Maafkan Andra, Ibu!

"Andra!" 
Suara ibu terdengar lagi. Pasti disuruh sholat subuh. Adzan subuh sudah terdengar kira-kira lima belas menit yang lalu. Ibu selalu saja mengganggu permainanku. Tapi aku tak bergeming dari posisiku yang sedang asyik dengan Mobile Legendku. Semalaman aku tidak tidur. Tanggung, sebentar lagi pasti menang, pikirku. Kudengar langkah kaki mendekat. 
"Sudah sholat subuh?" tanya ibu memastikan. Aku hanya menggeleng dengan mata tetap tertuju pada hp dan jemari tanganku lincah menekan tuts hp.
"Andra, sholat itu jangan ditunda-tunda. Ibu mengingatkan untuk kebaikanmu sendiri," Ibu menggerutu sambil melangkah meninggalkanku dan menuju ke dapur. 
"Ach, tuh kan kalah lagi!" teriakku lirih. Omelan ibu membuat konsentrasiku terganggu. Dengan kesal aku mengakhiri permainanku dan menggeliat. Capek juga, pikirku. Aku berdiri dan mengambil air wudhu. Aku sholat subuh seperti biasa. Kilat. 

Foto oleh Siti Jumaliah

"Sudah sholat?" Ibu balik lagi ke kamarku dengan pertanyaan yang sama ketika melihatku sudah kembali asyik dengan hpku. 
"Sudah!" sahutku dengan nada agak tinggi. "Aduh! Kalah lagi. Gara-gara Ibu," seruku lirih sambil melempar hp ke atas kasur. 

Ibu mendengar gerutuanku.

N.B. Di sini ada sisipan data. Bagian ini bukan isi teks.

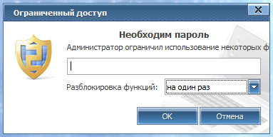 В более старых версиях Emsisoft Anti-Malware, в случае установленного пароля, появляется окно "Необходим пароль. Администратор ограничил использование некоторых функций."
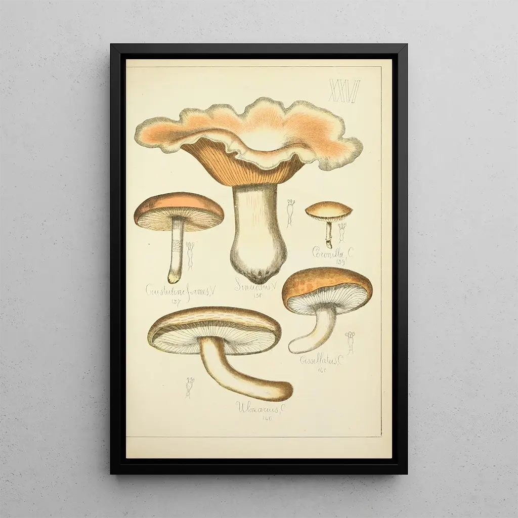 Den kunsttryk af værket Histoire naturelle des champignons Pl26 af Guillaume Sicard tager os med ind i en verden, hvor hver svamp er et kunstværk i sig selv. De livlige nuancer og de fine detaljer afslører mangfoldigheden af arter, mens den harmoniske sammensætning skaber en følelse af lethed. Graveringsteknikken, som Sicard mestrer, gør det muligt at gengive hver svamp med bemærkelsesværdig præcision, hvilket inviterer betragteren til at værdsætte naturens skønhed set fra en ny vinkel.

Beliau membatalkan niatnya untuk belanja ke warung sebelah, dan duduk di sebelahku. Aku tengkurap menahan rasa kecewa dan marah yang campur menjadi satu.
"Andra sekarang kan sudah besar. Sudah kelas dua SMA. Seharusnya Andra sudah tahu tentang tanggungjawab dan kewajiban seorang muslim," nasehat ibu. "Andra harus pandai mengatur waktu. Sholat itu tiang agama. Jangan melalaikan atau menunda-nunda sholat. Lagipula, tidak tidur semalaman itu tidak baik bagi kesehatan. Demikian juga main hp terlalu lama juga tidak baik bagi kesehatan," lanjut ibu tanpa mau mengerti perasaanku yang sedang kesal. Aku berdiri dan kutinggalkan ibu yang tampak kecewa melihat sikapku. Kuambil handuk dan pergi ke kamar mandi. Mendingan mandi, biar seger, daripada ndengerin omelan ibu, pikirku. 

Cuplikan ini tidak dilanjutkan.